The current analysis has a number of strengths and limitations. The VERO study was the first randomized controlled trial that assessed fractures as the primary efficacy endpoint in a large subgroup of patients pretreated with bisphosphonates, thus reflecting real life, as in many countries worldwide, teriparatide use is limited to patients who develop fracture while receiving antiresorptive therapy. The VERO study population is based on patients with high fracture risk, a population that should be considered for osteoanabolic therapy. Furthermore, patient selection was based on strong predictors of fracture risk, given the inclusion of a combination of multiple or severe prevalent vertebral fractures with low BMD, which both are independent and additive indicators of high imminent fracture risk [18]. The analysis of the FRAX®-defined MOF endpoint was a post hoc analysis; however, the extended Cox regression model to assess the speed of the clinical fracture efficacy was predefined in the statistical analysis plan.

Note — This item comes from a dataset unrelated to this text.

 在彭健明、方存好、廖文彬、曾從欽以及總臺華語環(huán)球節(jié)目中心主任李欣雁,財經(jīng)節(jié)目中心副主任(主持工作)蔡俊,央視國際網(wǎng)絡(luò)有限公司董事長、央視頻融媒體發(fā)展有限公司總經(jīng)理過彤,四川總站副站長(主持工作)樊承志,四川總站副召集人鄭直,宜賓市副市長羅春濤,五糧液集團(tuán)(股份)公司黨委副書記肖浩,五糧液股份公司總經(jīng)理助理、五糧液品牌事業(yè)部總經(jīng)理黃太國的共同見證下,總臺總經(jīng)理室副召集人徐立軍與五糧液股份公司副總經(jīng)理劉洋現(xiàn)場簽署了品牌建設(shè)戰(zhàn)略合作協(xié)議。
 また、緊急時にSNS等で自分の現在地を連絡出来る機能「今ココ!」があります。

Finally, given the patient population analyzed, these results may not be generalized to men, premenopausal women, or patients with less severe osteoporosis.

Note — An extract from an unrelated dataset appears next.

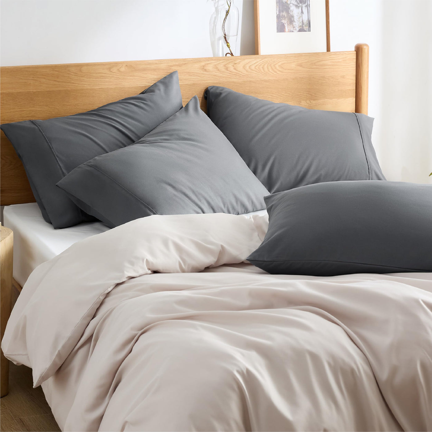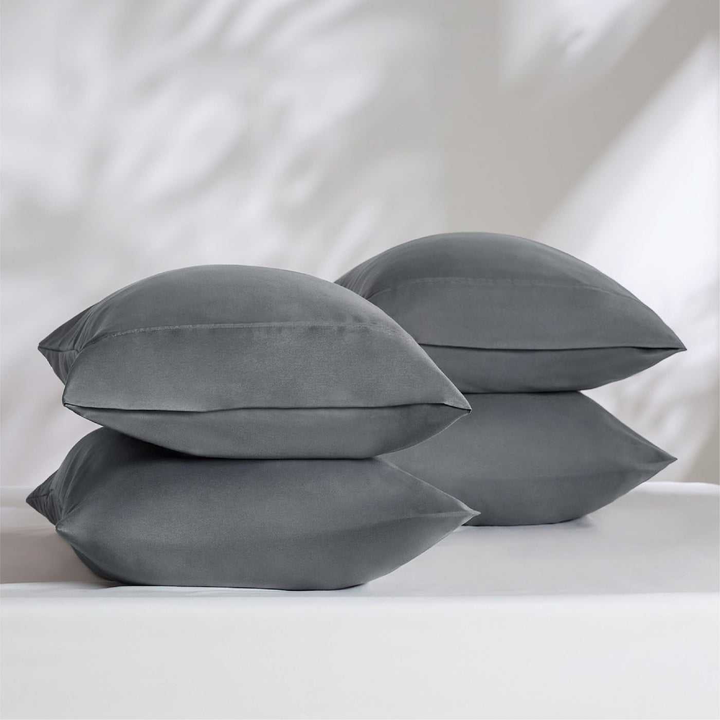 Bedsure Queen Pillow Cases Set of 4 - Dark Grey Polyester Microfiber Pillowcase 4 Pack, Super Soft and Cozy Gray Pillow Case Covers with Envelop Closure, 20x30 Inches

In conclusion, our post hoc analysis of the VERO trial shows that, in postmenopausal women with severe osteoporosis, teriparatide treatment was more efficacious than risedronate, with a 60% lower risk of FRAX®-defined MOF occurrence during the 24-month treatment period. Our study also detected a significant reduction of risk at seven months of treatment, confirming that this osteoanabolic treatment is particularly indicated for patients at imminent risk of fractures.